“Quando per vecchiaia se ne saranno andati anche gli ultimi cantatori,
pastori e contadini nati negli anni ʻ20, non ci sarà più modo di poter
ascoltare dal vivo la musica di tradizione di Carpino, e di capire di
chi siamo figli, e da dove proveniamo”.
Con queste considerazioni che danno la misura del lavoro di ricerca
condotto, Pio Gravina e Enrico Noviello aprono il loro lavoro Canti e
suoni della tradizione di Carpino, composto da due Cd audio e da un
libretto allegato, una sorta di guida all’ascolto con i testi dei canti
eseguiti, le note dei due curatori e le traduzioni dei canti stessi.
Proprio per cercare di salvare dall’oblio un patrimonio straordinario,
un vero e proprio giacimento di memorie e di suoni antichi, Gravina e
Noviello hanno deciso di intraprendere la stessa strada che prima di
loro hanno percorso grandi ricercatori come Alan Lomax, Diego Carpitella
e Roberto Leydi.
Per due anni Noviello e Gravina hanno frequentato gli ultimi esponenti
della tradizione carpinese, accompagnandoli con la chitarra battente e
quella francese (quella classica) nei sonetti eseguiti nei tre modi
tradizionali, alla montanara, alla viestesana, alla rodiana e
documentando questi incontri.
Una selezione dei materiali sonori provenienti da questa ricerca, scelti
in base al valore documentario, alla qualità delle performances vocali,
e al fatto di contenere strofe e modalità esecutive di particolare
interesse o in qualche modo diverse da quelle finora conosciute, compone
il primo Cd della raccolta.

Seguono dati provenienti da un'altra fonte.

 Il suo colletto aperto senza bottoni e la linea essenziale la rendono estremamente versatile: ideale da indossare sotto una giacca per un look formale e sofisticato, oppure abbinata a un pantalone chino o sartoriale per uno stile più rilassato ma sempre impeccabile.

Il secondo invece contiene una serie di
canti provenienti dalle ricerche storiche, a partire da una rodiana
sporca registrata nel 1966 da Roberto Leydi e Diego Carpitella dalla
viva voce di Antonio Di Cosmo, detto Marèssë, passando per alcuni brani
registrati da Ettore De Carolis nel 1967, per arrivare ad altri brani
registrati nel corso di alcune sessioni informali degli anni ʻ80 e a
esibizioni più recenti dei componenti dei Cantori di Carpino, tra cui
spicca una notevole ninna nanna eseguita da Antonio Piccininno, l’ultimo
componente anziano del gruppo rimasto ancora in attività.

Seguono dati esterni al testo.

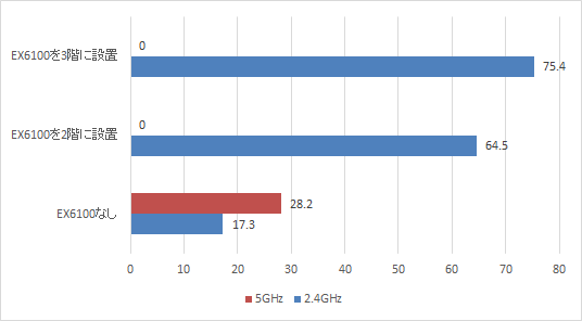 EX6100設置前の状態では、2.4GHz帯で17.3Mbps、5GHz帯で28.2Mbpsだったが、2階にEX6100(FastLaneモード)を設置した場合で64.5Mbps、3階に設置した場合で75.4Mbpsにまで改善することができた(FastLaneモードなのでクライアント側は両方とも2.4GHz接続)。

Dall’ascolto di questa affascinante sequenza musicale, che nelle
intenzioni dei due ricercatori “vuole restituire un’idea complessiva di
uno dei corpus musicali della tradizione agricolo pastorale più
interessanti di tutta Italia”, si rimane colpiti dalla complessità e dal
virtuosismo delle tecniche strumentali e vocali elaborate nel centro
della Capitanata e dall’estrema raffinatezza e varietà delle soluzioni
poetiche, finalizzate in gran parte allo svolgimento delle serenate.